THE GUTS OF ROSETTANow don't get me wrong; impressionism is my favorite art style, but somehow I am always going to be a little uncomfortable about a program that relies more on statistics than physics to simulate protein folding. I already have this hang up about models in general which I have articulated before. Although modeling reality is what models are supposed to do, ultimately you can still be in for a nasty surprise if you are not paying too much attention to the actual physics and chemistry behind the molecular interactions.
In the last two CASP meets, David Baker from the University of Washington, using his program Rosetta has come first by a hefty margin in the New Fold category. The success of Rosetta has electrified the protein-folding community.

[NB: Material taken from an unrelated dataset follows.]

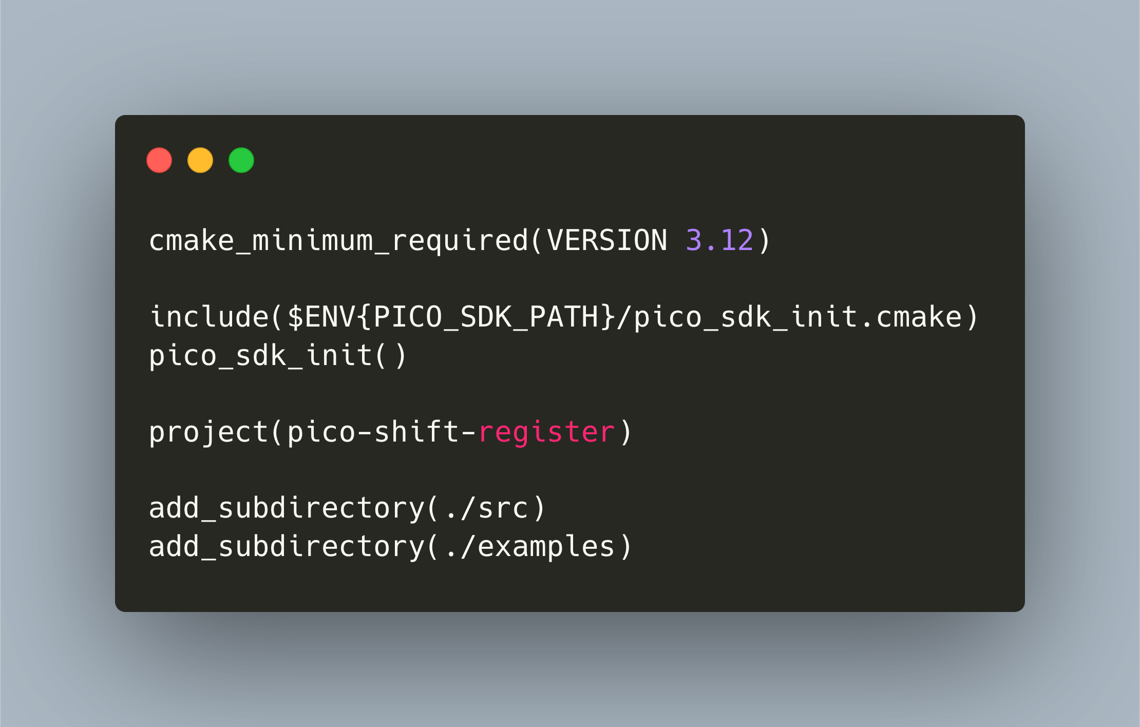 Specific for the Raspberry Pico is the include statement to load the Pico SDK, and the custom CMake function pico_sdk_init. It is imperative that you place this at the top of the root config!

Yet, there are theorists out there who feel slightly queasy when poking through the innards of Rosetta. Theorists such as Wilfred van Gunsteren, write programs such as GROMOS, which have the richness of 17th century Dutch paintings. Just as Vermeer was fetishistically obsessed with painting every detail of the Dutch bourgeoisie, right down to the hem-line of the chamber-maid's dress, GROMOS is obsessed with modeling every detail of 21st century atomic physics, right down to the quadruple expansion of the electron shells of polarizable atoms. The problem with programs like GROMOS is that they are lumbering giants, bloated programs that devour all the computing that you could ever offer, and still beg for more. Although GROMOS is used for many things, attempts to fold a protein have lurched to a stuttering halt, even after agos of computing time.
Programs like Rosetta, on the other hand, are more like Impressionists paintings, virtuoso dabs of paint that trick the eye into seeing a protein fold in no time at all. For instance, whereas GROMOS fastidiously models all 6 atoms in carbon rings attached to the protein and each atom in the ring is allowed to wobble, Rosetta models the carbon ring as one fat unmovable atom. Water molecules surrounding the protein? No problem, says Rosetta, we'll just ignore them. Rosetta also uses a clever trick by folding similar proteins from different species of animals, and then averaging all the structures to obtain a consensus structure. In reality, when proteins like hemoglobin fold inside your body, they don't get to watch how hemoglobin folds in rats or flies in order to come to a consensus.
As an aside, I have used Rosetta a little and it can be hideously user-unfriendly. Why the authors never sought to collaborate with a software company who would design a nice GUI for it is something I have never understood. Now in spite of the above rants let me not be misleading here; I think Rosetta is a fantastic program that has achieved some spectacular results reported in places like Nature and Science; perhaps its most stunning achievement was designing an enzyme from scratch that would catalyze a Kemp elimination reaction, a reaction that no other enzyme in nature is known to catalyze. It's just that I think that using it, at least for people who are not members of David Baker's group, might be like flying a highly sophisticated spaceship whose workings are somewhat mysterious. It could be a problem when those ill-understood cumulonimbus (or Romulans) start looming on the horizon.